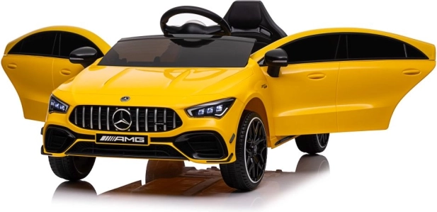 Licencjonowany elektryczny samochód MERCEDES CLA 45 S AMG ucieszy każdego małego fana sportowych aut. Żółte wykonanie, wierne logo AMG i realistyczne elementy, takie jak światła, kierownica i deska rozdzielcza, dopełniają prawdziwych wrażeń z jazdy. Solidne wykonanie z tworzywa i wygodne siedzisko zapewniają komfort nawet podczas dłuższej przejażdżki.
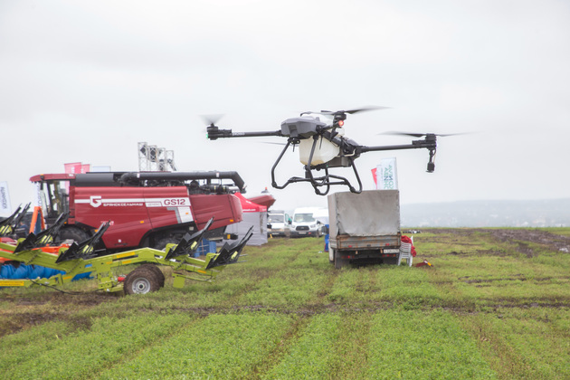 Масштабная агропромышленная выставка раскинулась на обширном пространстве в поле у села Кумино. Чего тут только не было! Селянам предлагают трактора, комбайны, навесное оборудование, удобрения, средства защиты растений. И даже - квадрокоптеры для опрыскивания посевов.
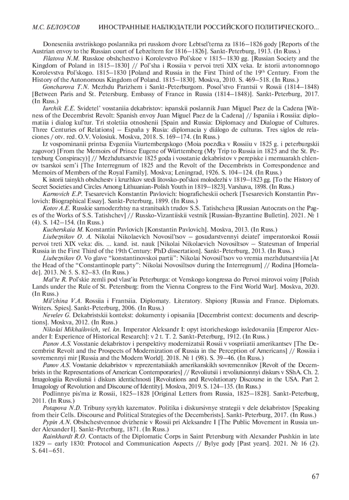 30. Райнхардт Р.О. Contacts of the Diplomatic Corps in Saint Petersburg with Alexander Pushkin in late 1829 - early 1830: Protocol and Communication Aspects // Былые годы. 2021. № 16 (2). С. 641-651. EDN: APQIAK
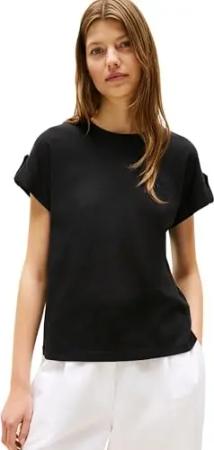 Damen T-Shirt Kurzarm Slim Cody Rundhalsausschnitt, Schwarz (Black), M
________________________
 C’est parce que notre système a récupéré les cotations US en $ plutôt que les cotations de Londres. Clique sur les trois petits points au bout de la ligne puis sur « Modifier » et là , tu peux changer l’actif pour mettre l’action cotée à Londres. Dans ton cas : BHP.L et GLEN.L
________________________
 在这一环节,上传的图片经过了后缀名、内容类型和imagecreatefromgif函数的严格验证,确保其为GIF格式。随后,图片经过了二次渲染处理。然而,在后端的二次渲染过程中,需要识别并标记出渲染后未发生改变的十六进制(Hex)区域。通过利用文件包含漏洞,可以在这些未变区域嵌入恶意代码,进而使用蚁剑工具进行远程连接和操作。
________________________
• _What the task asks_:
Using the data above, print only the lines starting at the one with "Licencjonowany elektryczny samochód" and ending at the one with "Масштабная агропромышленная выставка", exactly as they stand, minus the pictures.

• _The answer_:
 Licencjonowany elektryczny samochód MERCEDES CLA 45 S AMG ucieszy każdego małego fana sportowych aut. Żółte wykonanie, wierne logo AMG i realistyczne elementy, takie jak światła, kierownica i deska rozdzielcza, dopełniają prawdziwych wrażeń z jazdy. Solidne wykonanie z tworzywa i wygodne siedzisko zapewniają komfort nawet podczas dłuższej przejażdżki.
 Масштабная агропромышленная выставка раскинулась на обширном пространстве в поле у села Кумино. Чего тут только не было! Селянам предлагают трактора, комбайны, навесное оборудование, удобрения, средства защиты растений. И даже - квадрокоптеры для опрыскивания посевов.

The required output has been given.